Microsoft has completed the Windows Server 2008 puzzle with the release to manufacturing of the latest iteration of Windows for supercomputers. As previously reported, Windows HPC Server 2008 RTM'ed today, September 22, 2008, an event which was announced at the 2008 High Performance on Wall Street conference. The gold version of Microsoft's latest High-Performance Computing Platform is delivered almost a year after the introduction of the first Beta of the operating system, back in November 2007.

“Companies have to be more efficient than ever with IT resources, but need to maintain their position in a competitive marketplace. They require HPC solutions that deploy quickly, integrate in a heterogeneous environment and scale from workstation to cluster,” Laing said. “The launch of Windows HPC Server 2008 is just another step in our vision to drive HPC mainstream.”

According to Product Unit Manager, Windows HPC Server, Ryan Waite, Windows HPC Server 2008 features no less than 500K lines of code, and is served with over 600 MB of technical documentation.

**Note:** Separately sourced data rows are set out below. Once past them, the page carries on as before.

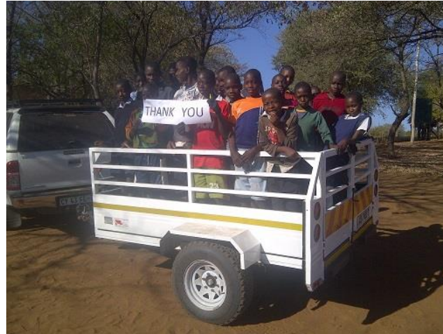
Below: Thank you for the new trailer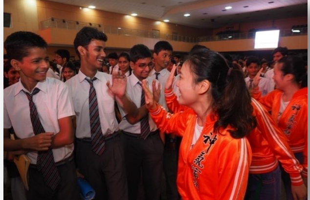
In City Montessori School, volunteers of "An Era of Conscience" spread positive energy and interact with the students.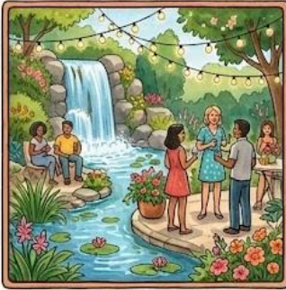
Waterfall Garden Party

These items are available for online bidding only. Bidding for these items will close at 9:00 p.m. on Friday, June 5 and will not continue during the event, so you do not need to attend in person to participate or win.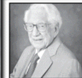
Carl Lindner Jr.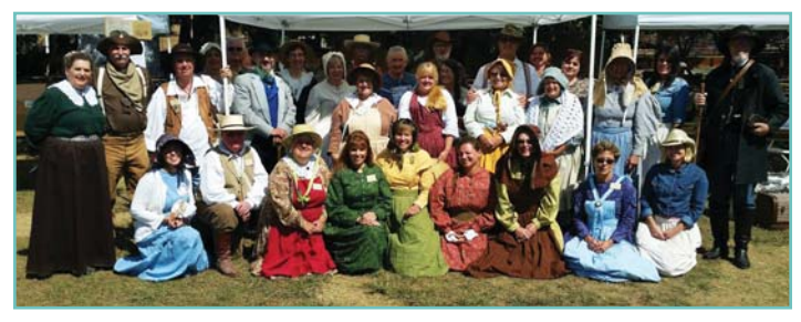
Participants at the Mini Miner's Day Celebration

Several members of the California El Dorado DUP Company dressed in pioneer attire and joined with members of the Sierra Nevada Mormon Pioneers organization to help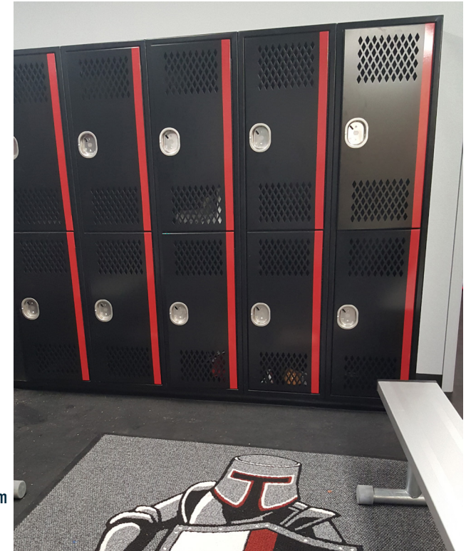
2 Tier with Custom Louvers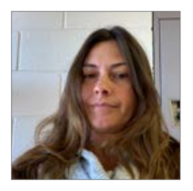
Video clip: <a href="https://youtube.com/shorts/">https://youtube.com/shorts/</a> BY UICwWb0w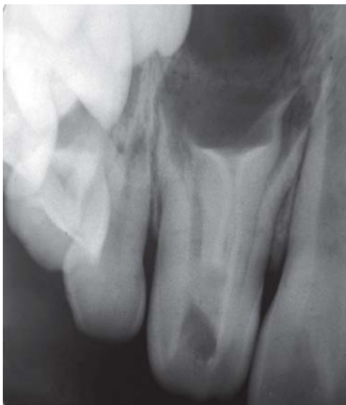
Fig. 2: IOPA showing Dens invaginatus i.r.t. upper right lateral incisor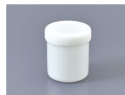
150 ml container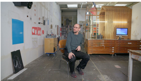
Heiner Franzen, Uferhallen, Berlin-Wedding, Film Still, 2023, © Berlinische Galerie Alle gezeigten Werke von Heiner Franzen, © Heiner Franzen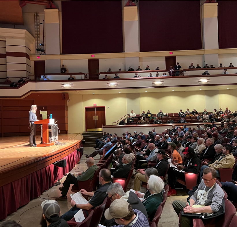
Working with professionals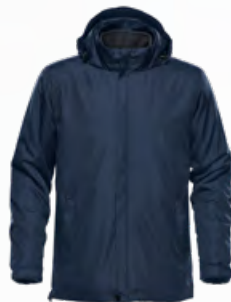
M'S & W'S: NAVY LINER: NAVY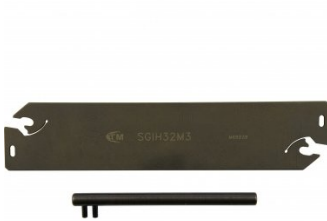
L4693 Parting Blade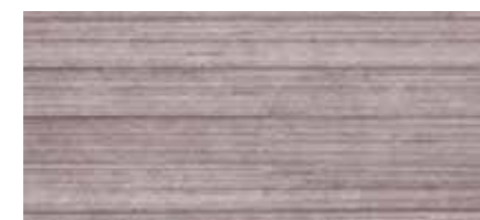
5241 - 0200 COFFEE 25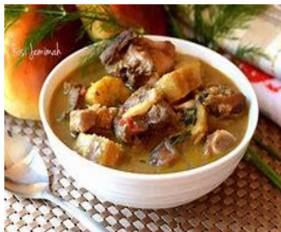
GOAT PEPPER SOUP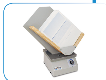
402 Series Jogger - an option which reduces static electricity from forms and aligns them for proper feeding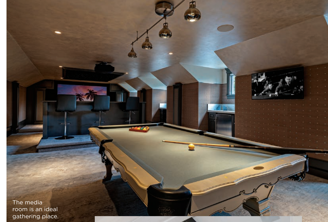
The media room is an ideal gathering place.

Wood, crystal and metals provide a classic look in this home, while a more open floor plan, fresh finishes and stylish new furnishings create living spaces that will bring joy for years to come.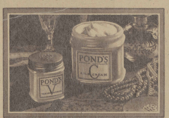
THE TWO CREAMS the beautiful girls of the younger set are using

FOR cleansing, refreshing and keeping supple your delicate skin, apply Pond's Cold Cream lavishly. Do this every night before retiring and during the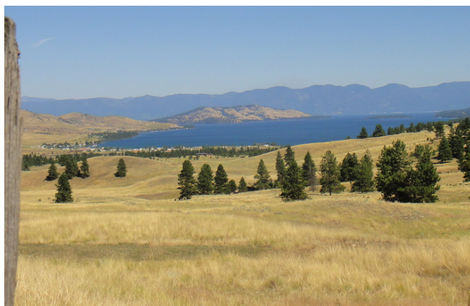
Montana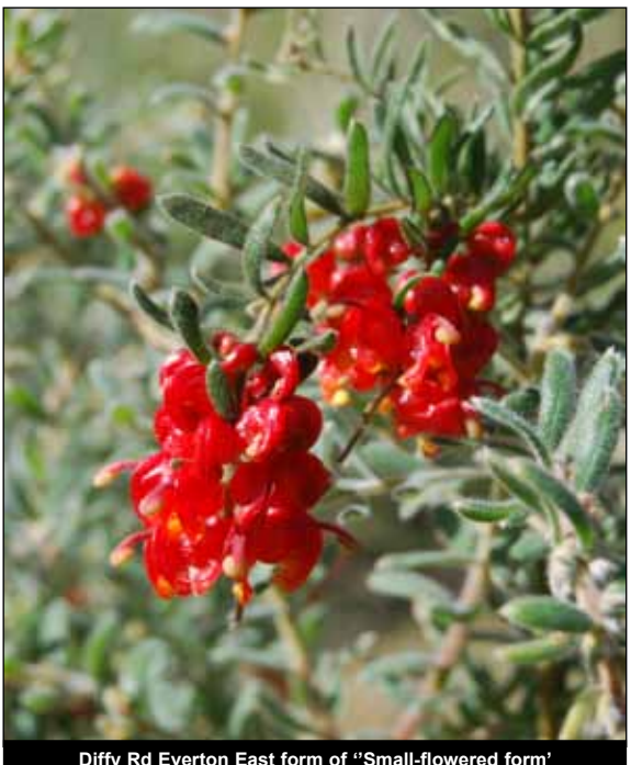
Diffy Rd Everton East form of "Small-flowered form" of Grevillea alpina

From here we continued heading north-east, and met up with Martin Rigg at Diffy Rd Everton East where we found extensive populations of the wonderful 'Small-flowered form' of Grevillea alpina . This form is so distinct and with so many unique characters that it may become a new species under our revision. The plants were upright open and weeping, growing 0.5-1.2m with massed bright red to orange flowers in prominent long clusters. There were many seedlings but no evidence of suckering with this population.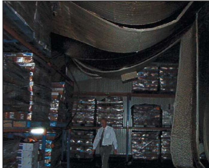
Picture showing structural damage to EPS type sandwich panels due to a fire, which spread, within the combustible cavity of the panels themselves

The fire properties of core materials can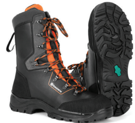
PROTECTIVE LEATHER BOOTS WITH SAW PROTECTION, CLASSIC 597 65 94-47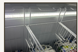
LED internal light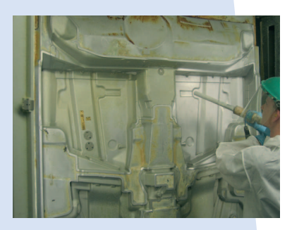
Reconditioning motor parts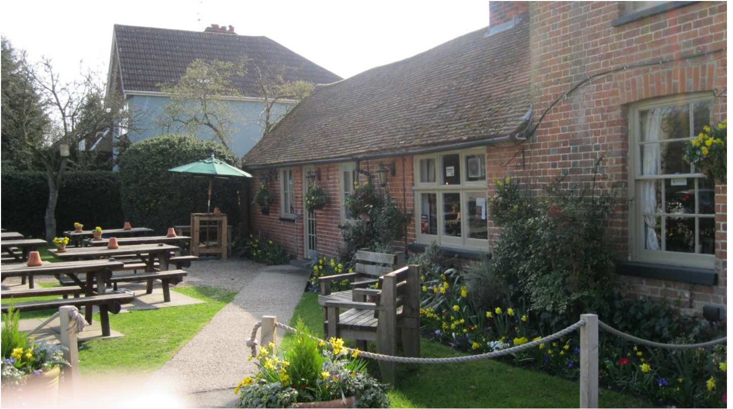
15. Single storey extension on the west side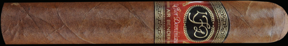
Matatan - 50 x 5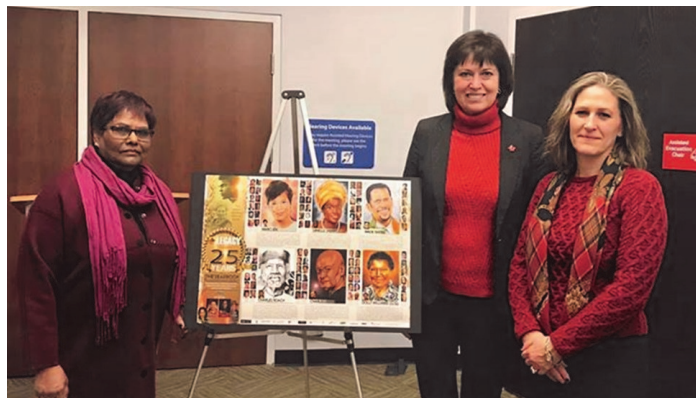
I joined the Burlington Caribbean Connection at Burlington City Hall to recognize Black History Month with Mayor Meed-Ward.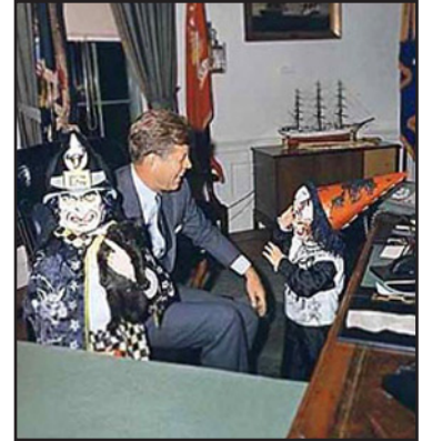
John F. Kennedy Library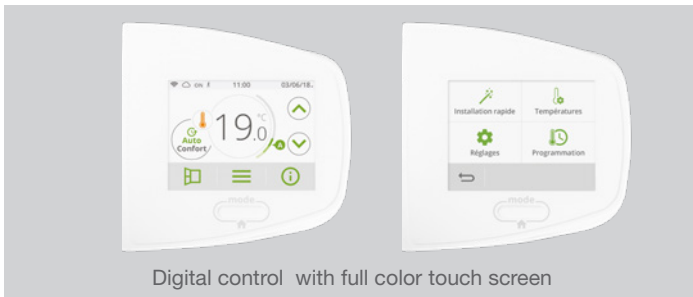
Digital control with full color touch screen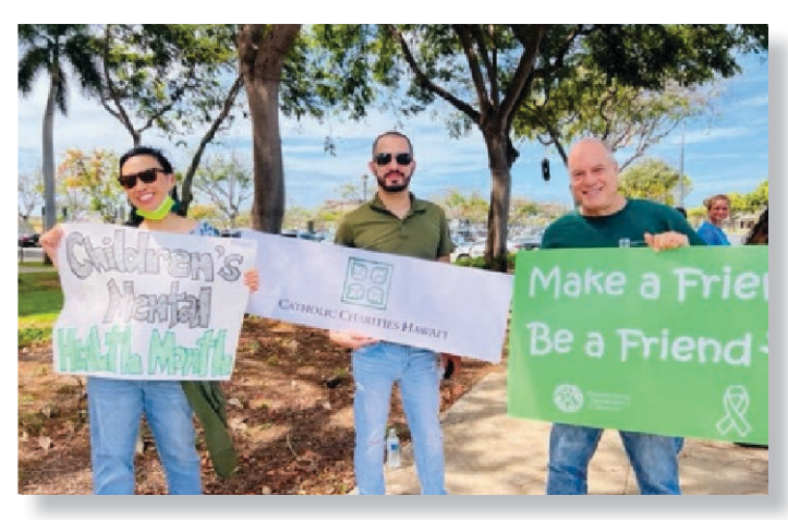
Children's Mental Health Awareness Month Sign Waving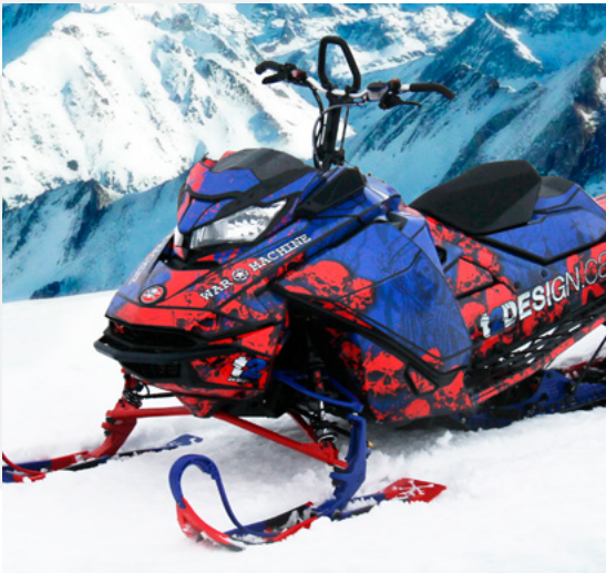
Wrapped in DPF 8000™ White with Series 3590 Overlaminate by T2 Design

Whether your graphics are going cross country, transatlantic or just across town, you will need a film to withstand the extremes.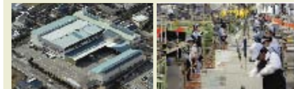
Noritz Tsuchiyama Factory [Gas water heating products]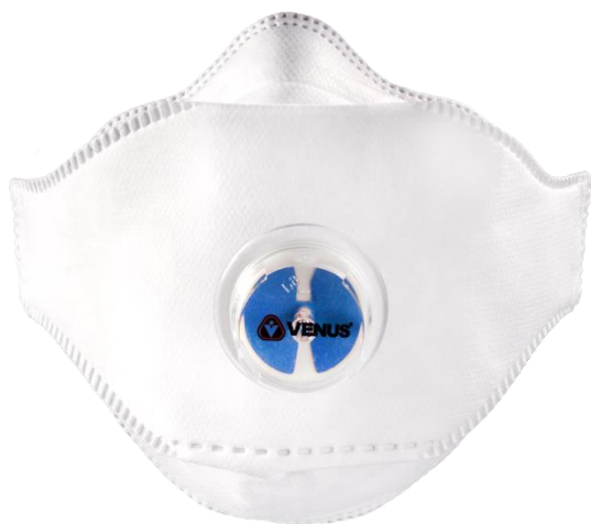
Beetle V-1110 V, Beetle V-1120 V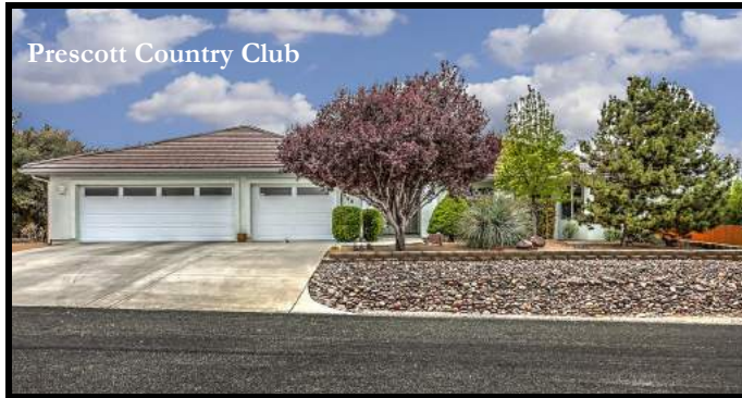
Prescott Country Club

Bright & Spacious Custom Home with Designer Upgrades Throughout! 3,549 SqFt, 4BD/3.5BA/3Car Garage + RV Parking. Open Living Room w/Contemporary Tiled Stone & Granite Cozy Fireplace. Nice Jr Master Suite. 596 N Mohave Trl. PV $ 375,000.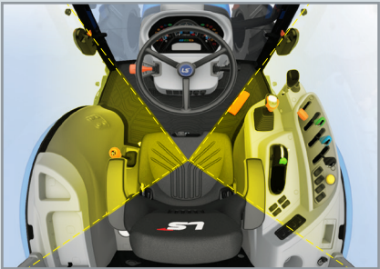
Clear view cabin The spacious cabin offers a clear 360° view of the full working width of attached implements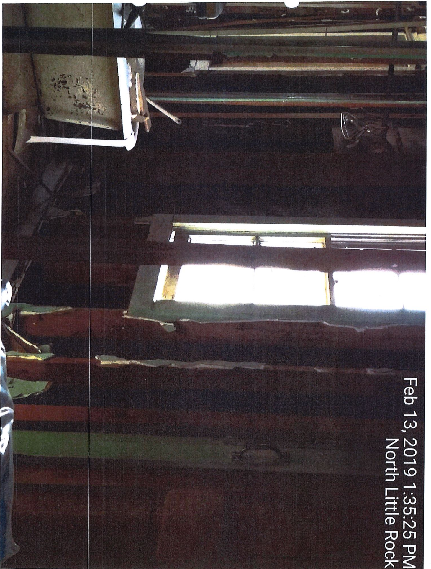
Feb 13, 2019 1:35:25 PM North Little Rock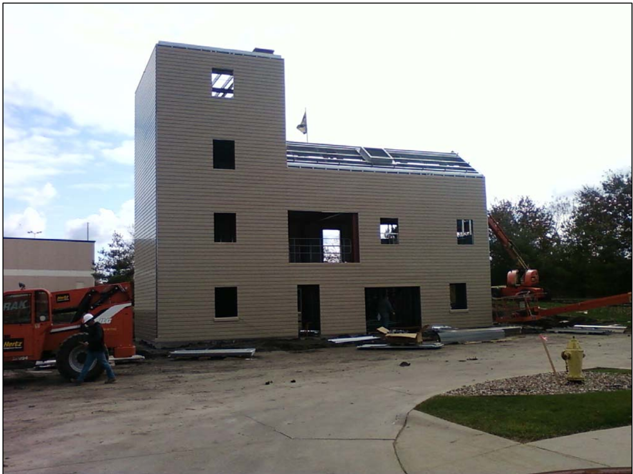
Combined Training Facility with exterior siding in place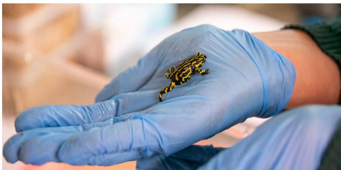
Northern Corroboree Frog ( Pseudophryne pengilleyi ), Tidbinbilla.

Established in 1996, the Brush-tailed Rock-wallaby program is the longest running threatened species breeding program at Tidbinbilla. Until 2015, the goal of this program was to produce a stable captive population for later release into the wild. However, the success of the program was compromised by a very narrow genetic profile within the breeding population. Due to this, the program's focus shifted and in 2017, Tidbinbilla partnered with the southern Brush-tailed Rock-wallaby Recovery Team, Zoos Victoria and the Australian Government's Threatened Species Commissioner's Office to establish a genetic rescue breeding program to produce a genetically diverse insurance population for release into a safe haven. The Tidbinbilla Safe Haven, large (120 ha) feral predator-proof fenced area, was completed in 2024. The breeding program successfully produced genetically diverse animals, and eight rock-wallabies have since been released into the Safe Haven. Further releases are planned for 2025.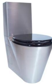
SN0120CS Satin finish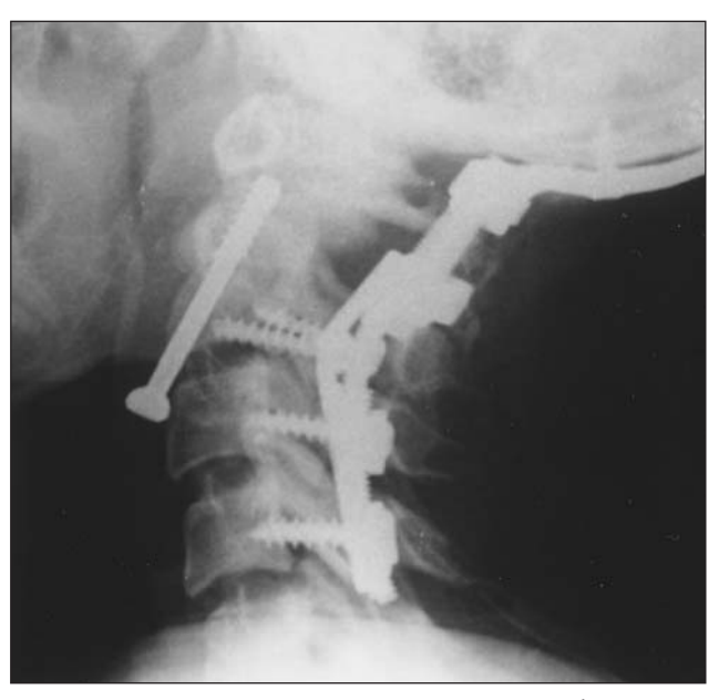
Figure 5: Lateral cervical roentgenogram of the patient after occipitocervical fixation.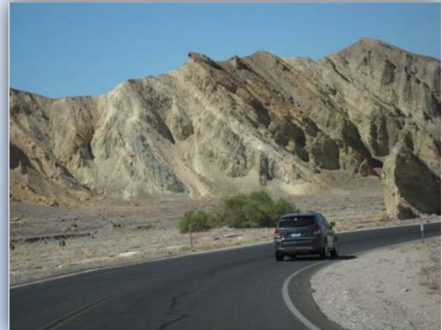
Death Valley, California

This presentation does not contain any proprietary, confidential, or otherwise restricted information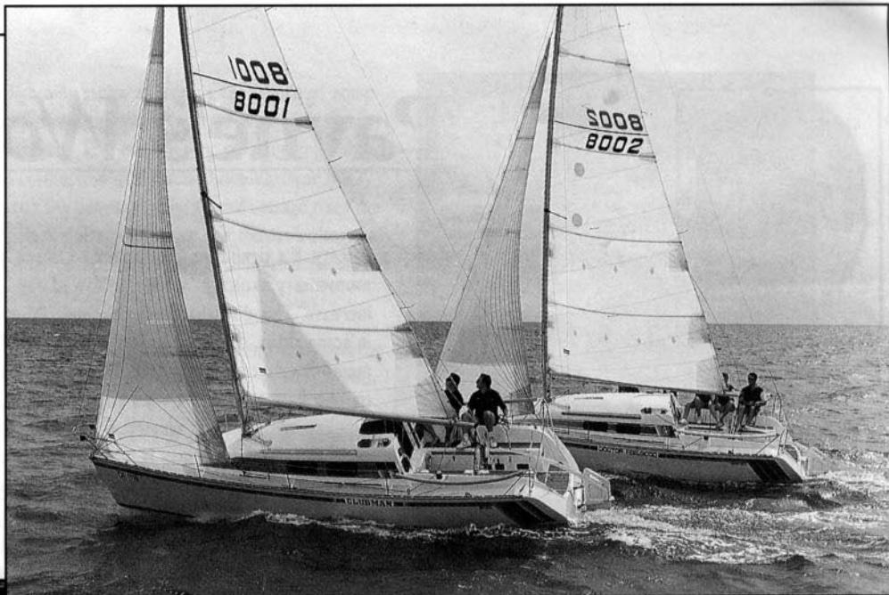
ABOVE: In 1994 the Clubman 8 won the Australian Boating Industry's "Yacht of the Year" Award. LEFT: The modern Austral craft have built up an admirable performance record. BELOW: The Austral range has acquitted itself well in rough conditions.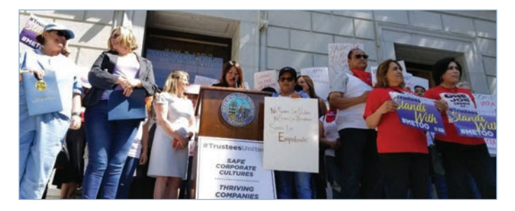
Treasurer Ma joined workers and pension trustees in April to urge asset managers nationwide to adopt tougher principles to stem workplace sexual harassment and protect workers.

cardiovascular health solutions, and the retention and creation of 974 production jobs and 90 construction jobs.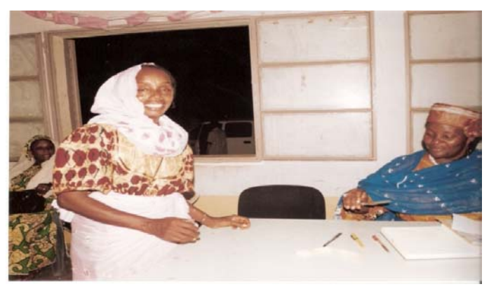
The Minister holding the knife presented to her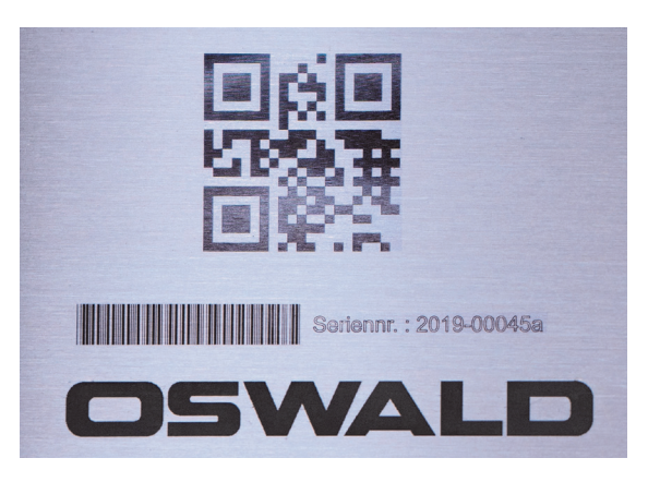
Marking example on VA-steel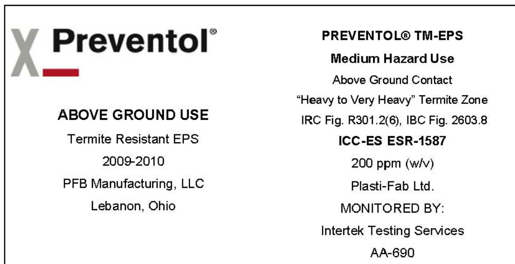
FIGURE 2—PREVENTOL® TM-EPS MEDIUM HAZARD USE MARKING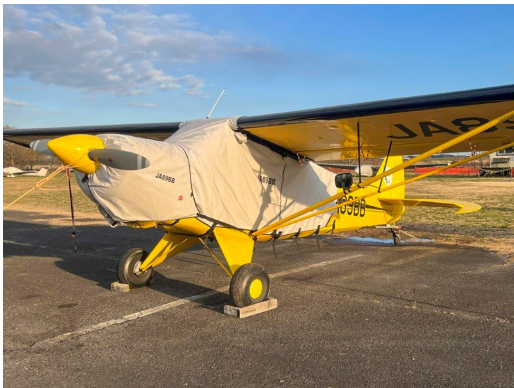
Aviat Husky Extended Canopy Cover, Engine Cover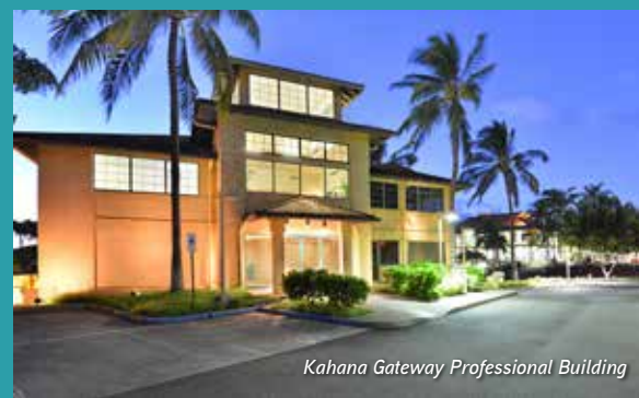
Kahana Gateway Professional Building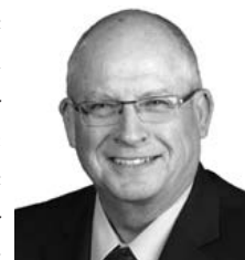
Sen. Curt Friesen

LB454 failed to advance to select file on a vote of 23-12. Twenty-five votes were needed.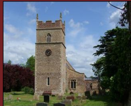
All Saints' Wretton with Stoke Ferry

Microsoft has included in excess of 250 design modifications in the successor of Compute Cluster Server 2003, which, despite its name, was delivered in 2006. Waite revealed that the latest iteration of Windows for supercomputers had been downloaded over 3,000 times while it was in Beta stage.

“The HPC industry uses mostly Linux or UNIX servers. To even suggest Windows could be successful in HPC is blasphemy. To build our second release, we went to customers, especially customers who didn’t use Windows. We conducted over 100 customer visits. We did internships, where we would work on site with HPC admins and developers. We created a customer advisory board with leading HPC experts from computational finance, engineering, government, academia and the life sciences, and they were brutally honest with their feedback,” Waite said.

On the HPC market, Microsoft is going against the dominance of the open source Linux operating system. Furthermore, high performance computing is an area where Linux owns the lion's share of the market, while Windows is almost insignificant.